The NACore structure from the crystallographic results of Rodriguez et al., (2015) has more recently been found in a nearly full length α-syn cryoEM structure (Li et al., (2018)). Which polymorph of α-syn fibrils is the most relevant in brain disease is currently unknown. But in any case, we have designed peptides which inhibit the aggregation of full length α-syn in vitro and in cells. Also, in the ssNMR-determined structure, part of NACore is at the core of the domain. It is possible that binding to this segment is sufficient to inhibit fibril elongation of that polymorph too.

3) Why were the inhibitors not tested in a neuronal cell line? Is there any specific reason for choosing a non-neuronal cell line?

We used the non-neuronal cell line HEK293 cells over-expressing YFP fused α-syn because they are a very convenient and well-established model for studying the seeding of α-syn in cells (Sanders et al., (2014)). These cells have been successfully used in several other studies involving α-syn seeding (Prusiner et al., (2015)).

4) Since the non-neuronal cell line does not exhibit cellular toxicity, any extrapolation towards Parkinson's disease or other neurodegenerative diseases is questionable. Protection from cellular toxicity would be essential to demonstrate the usefulness of the molecules.

In this work, we have exclusively focused on inhibiting seeding as recent work has shown that seeding is an important determinant of disease progression. Our results encourage future studies to test these inhibitors’ therapeutic efficacy in mouse model of Parkinson’s disease. Additionally, in Parkinson’s disease as well as prion disease, fibril formation seems to be necessary for spreading, but not directly for cytotoxicity. The nature of the toxic agents is a topic of intense investigation, but not addressed in this paper.

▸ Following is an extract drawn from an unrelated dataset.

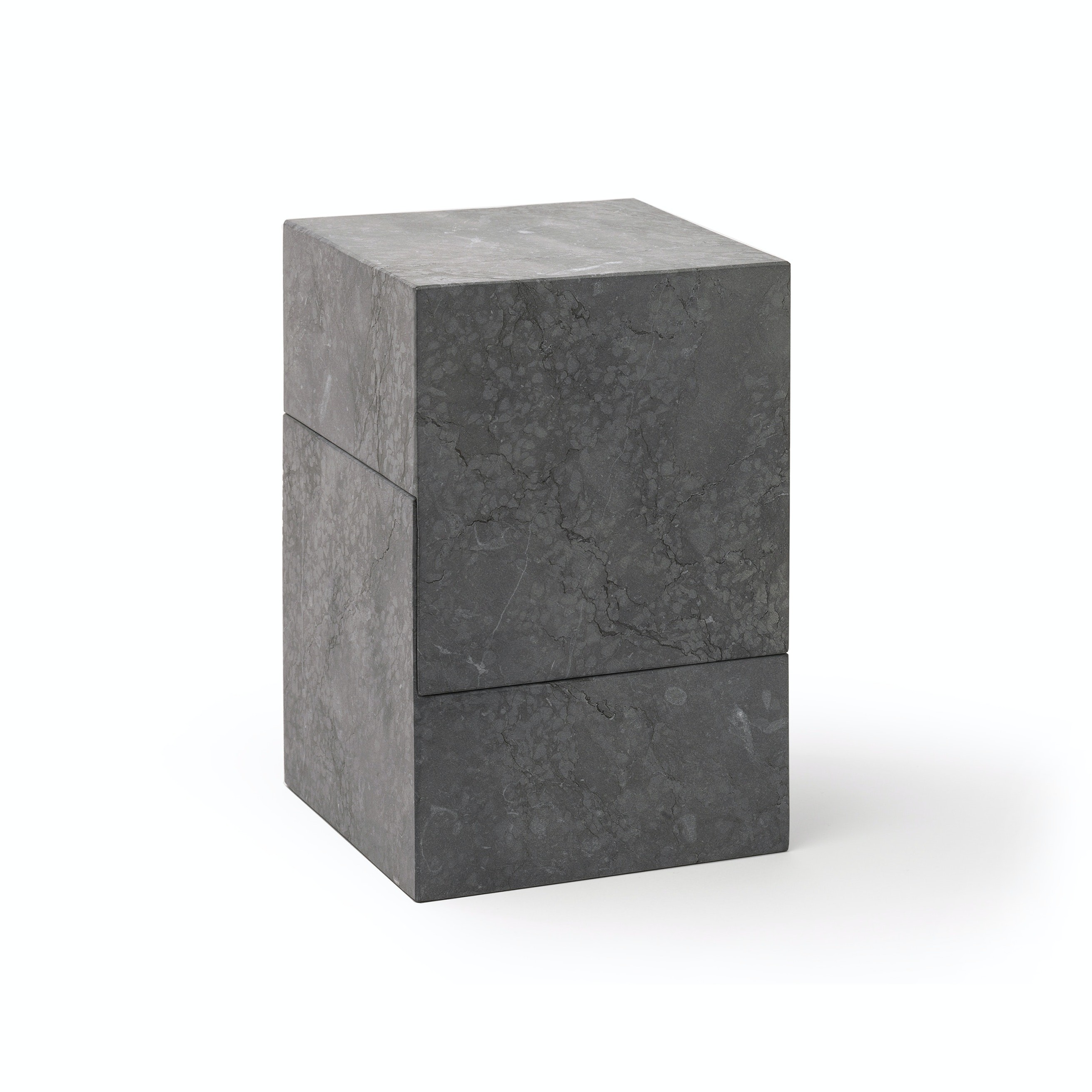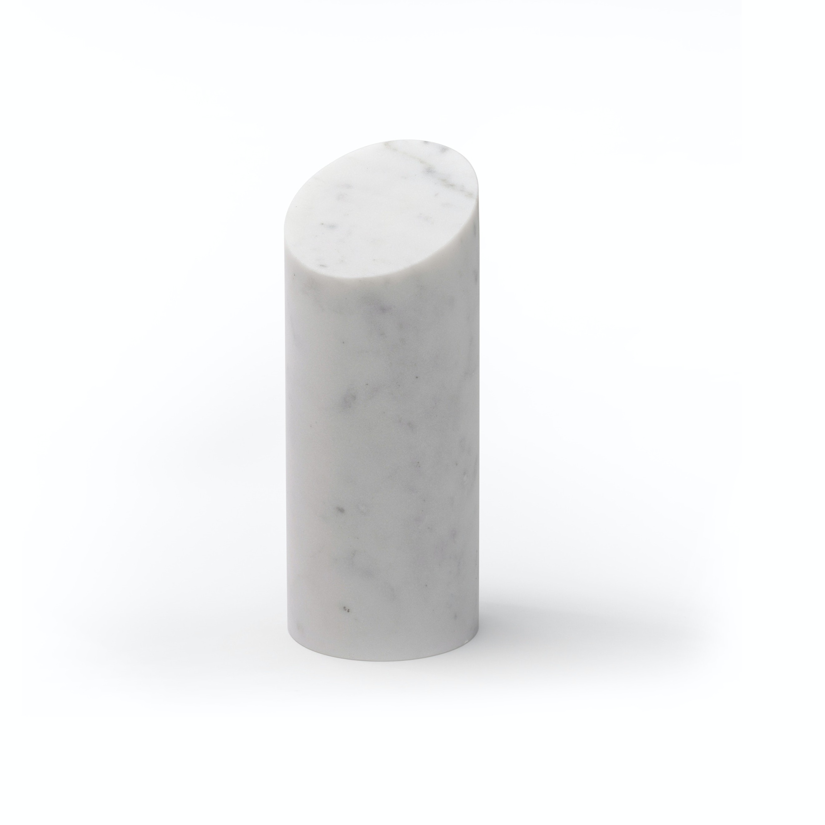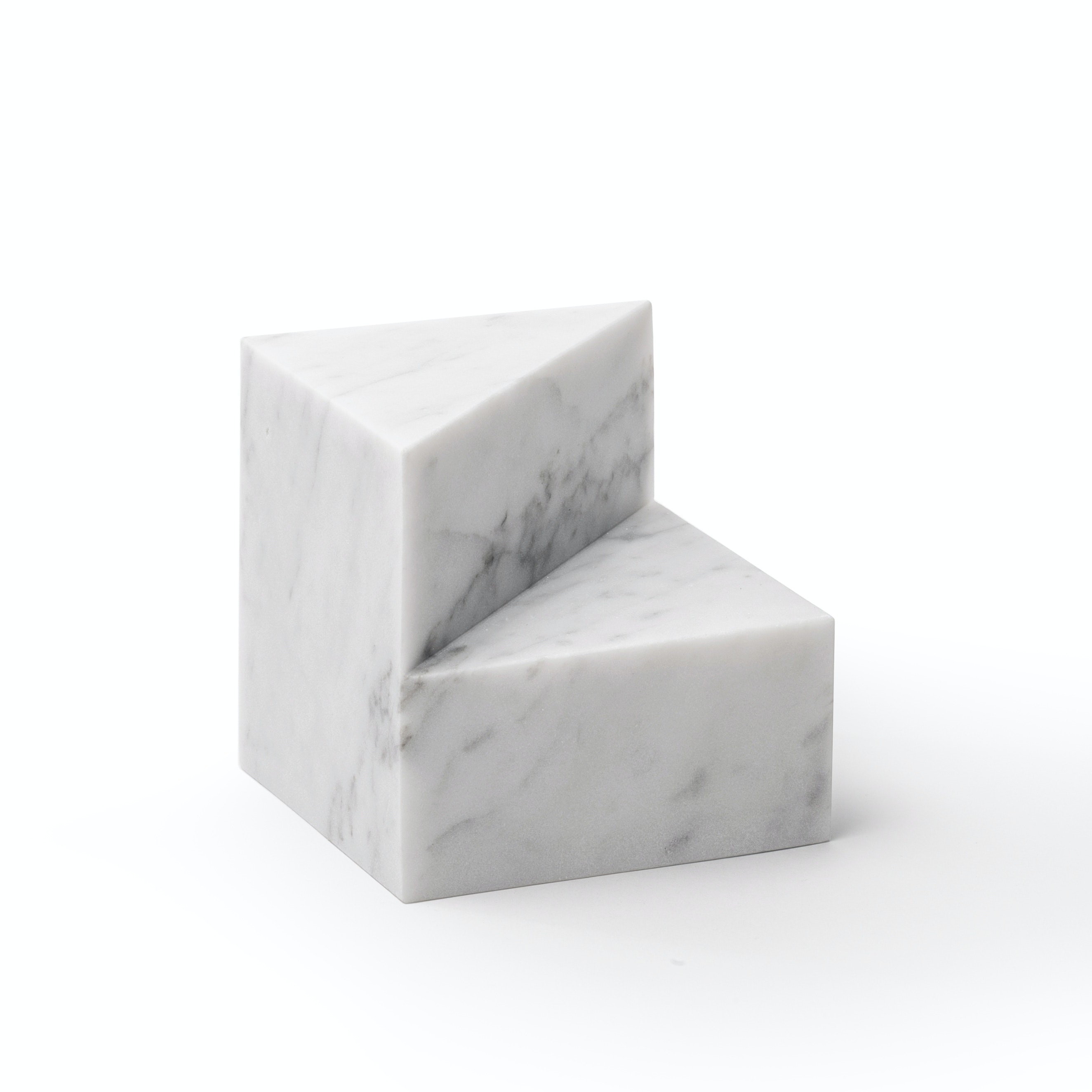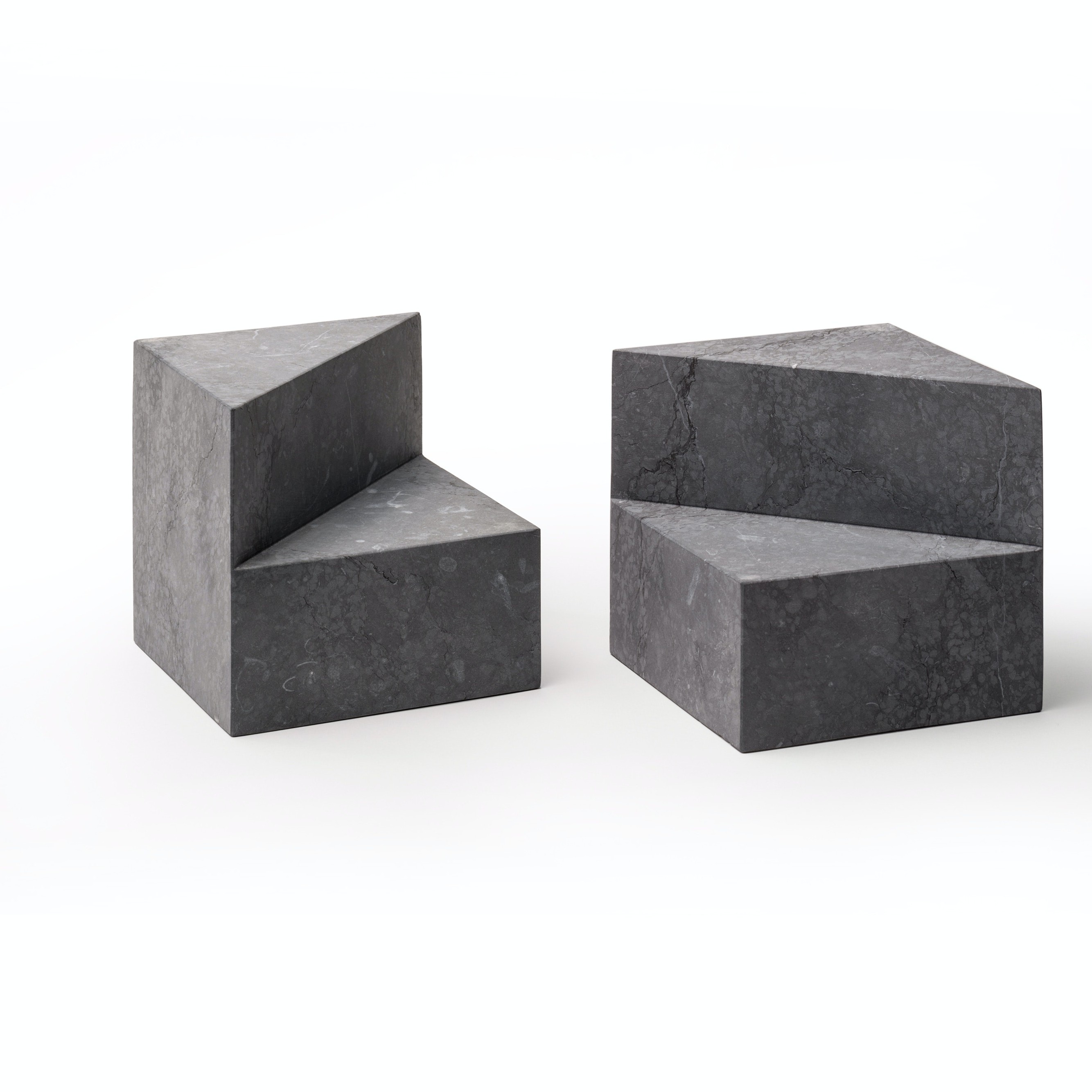 Available in a single sloped cylindrical tower or set of monolithic stepped blocks, the bookends are formed of either white Bianco Carrara marble from Tuscany or dusky black Nero Marquinia.

5) The inhibitors prevent extension of fibril. Would that mean that there is an accumulation of protofilaments or oligomers? Is it possible that these protofilaments or oligomers are more toxic than fibrillar species? This comes back to the lack of toxicity data.

We did not observe any loss of cell viability in HEK293 cells transfected with the inhibitors suggesting that the treatment with inhibitors renders α-syn in an inert conformation. It is possible that inhibitors cause an accumulation of protofilaments or oligomers but from our assays these appear to be non-toxic.

6) Do the inhibitory peptides aggregate by themselves?

The inhibitory peptides do not aggregate by themselves. We tested the aggregation of inhibitors by ThT, EM and cell seeding data as shown in Figure 4 in the revised manuscript.